BY Steven Yoder . . . On Nov. 1, Fort Lauderdale, Florida’s leaders paused during a city council meeting to highlight that they’d declared November to be “Hunger and Homelessness Awareness Month.”
“Homelessness was one of the main reasons I ran for office,” said then-vice mayor Ben Sorensen, who led the proceedings. “If we all pitch in and support each other and support some of the least of these, we can do amazing, amazing things.” The city recognized 18 organizations for their work with the unhoused and tweeted out a happy photo of the group.
But Sorensen didn’t mention that the city’s own rules are, in part, driving up homelessness. An ordinance forbidding most people on the state’s sexual offense registry from living within 1,400 feet of schools, daycares, parks, or playgrounds puts all but 1 percent of residences off limits to those on the offense registry and forces hundreds to live on the streets. Today, a sample of the city’s unhoused people on the state registry shows that a majority camp on a commercial strip on a major highway in north Fort Lauderdale.
Sorenson also did not acknowledge that the Florida Action Committee (FAC), a nonprofit that advocates for the rights of people placed on sexual offense registries, had, for months, been asking city and county leaders for a plan to house registrants.
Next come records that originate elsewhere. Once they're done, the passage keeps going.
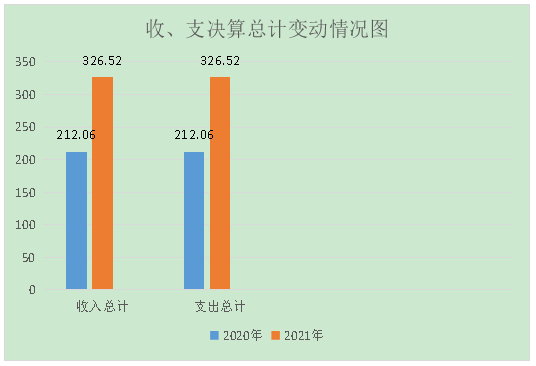 2021年度收、支总计326.52万元。与2020年相比,收、支总计各增加114.46万元,增长53.98%。主要变动原因是八角亭公墓并入,增加公墓辅助管理、服务项目、碑墓方面项目经费。
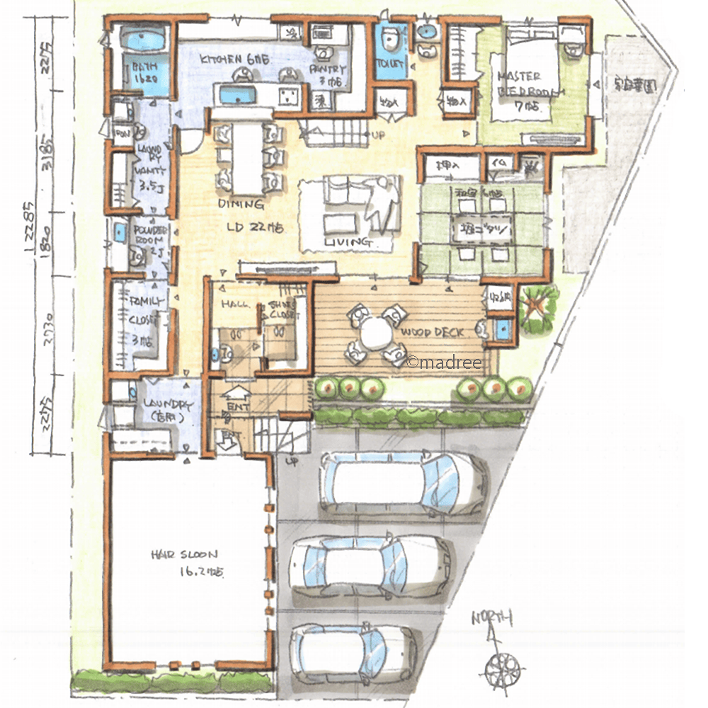 全国の建築家から間取りが集まるmadree(マドリー)で集まった47坪、3LDKの間取りです。外とつながるLDKやアウトドアリビングが特徴の注文住宅の間取りです。
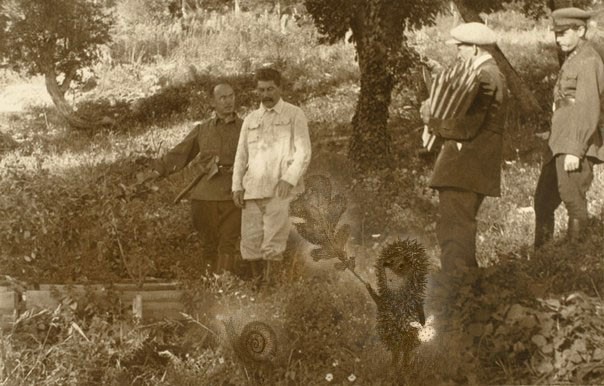 И.В.Сталин, Л.П.Берия, тов. Ёжик, тов. Улитка и другие ответственные лица с инспекцией по пути к ЖК «Курортный», 1933 год:
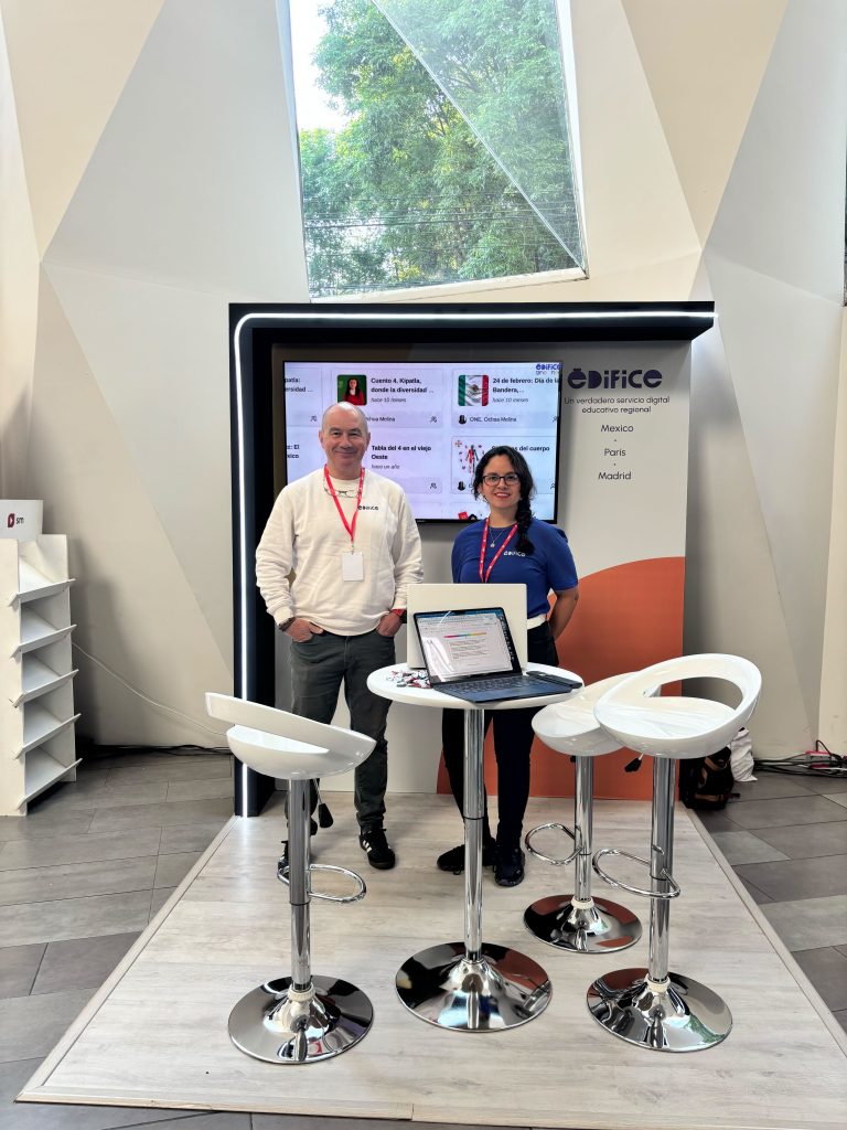 Durante las jornadas, Melina y Carlos recibieron un flujo constante de visitantes en el stand de Édifice, atendiendo numerosas preguntas sobre ONE, el espacio digital dedicado a las escuelas primarias, y NEO, la red colaborativa para colegios y preparatorias. Fue un espacio de diálogo abierto y enriquecedor, donde profesionales de la educación compartieron sus experiencias y desafíos, y exploraron cómo la tecnología puede apoyar el aprendizaje en cada etapa educativa.
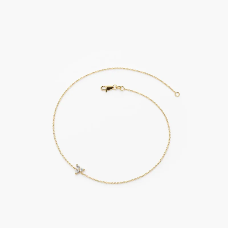 14K Solid Gold Moissanite Diamond Cross Bracelet
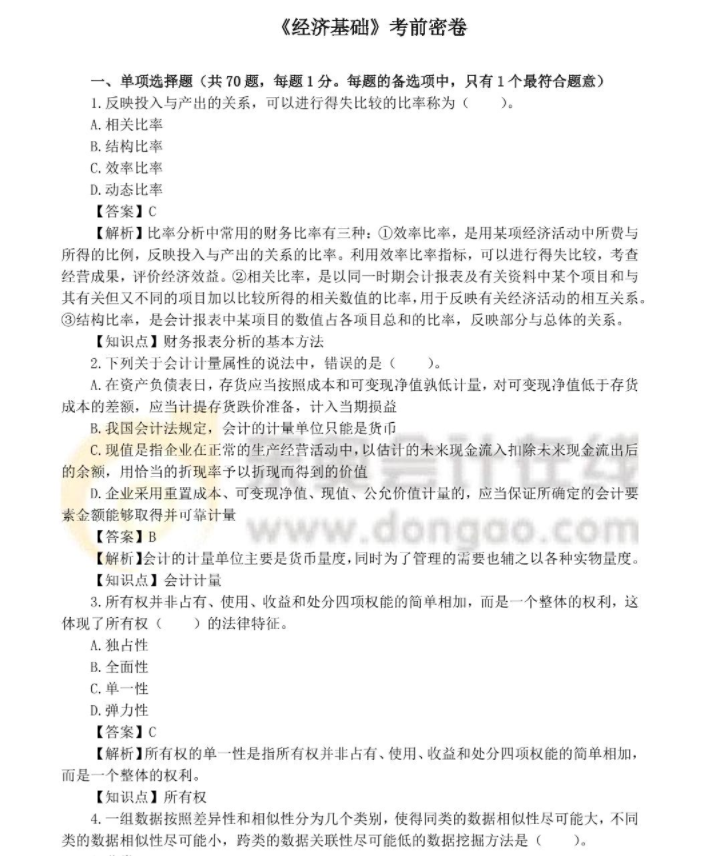 2025年中级经济师考试在即,备考关键期如何精准突破?东奥教研团队的为同学们总结各科目的考前模拟试卷,深度聚焦历年高频考点,以全真模拟题的形式给出。临考前测试自己的学习进度与学习水平再好不过了,以下是《经济基础》的测试卷,具体如下。

In the days after the Nov. 1 meeting, FAC escalated its actions. On Nov. 14, the group petitioned the United Nations High Commissioner for Human Rights, alleging that the U.S. public sex offender registry contravenes provisions of the Universal Declaration of Human Rights and International Covenant on Civil and Political Rights. The declaration bans “cruel, inhuman or degrading treatment or punishment.” The group asked the UN to investigate and attached a change.org petition that’s been signed by almost 4,500 people.
“The act of placing human beings on a public shaming list for life and subjecting them to the crippling and dehumanizing consequences, when that list has been proven through empirical research to be ineffective at preventing recidivism or reducing sexual offending, is cruel and degrading,” the group wrote to the UN.
If the UN determines the complaint is admissible, it will be sent to the U.S. government for a response and could eventually be referred to the UN’s Human Rights Council for further action. As yet, FAC has heard nothing back from the UN, Gail Colletta, the group’s president, told The Appeal.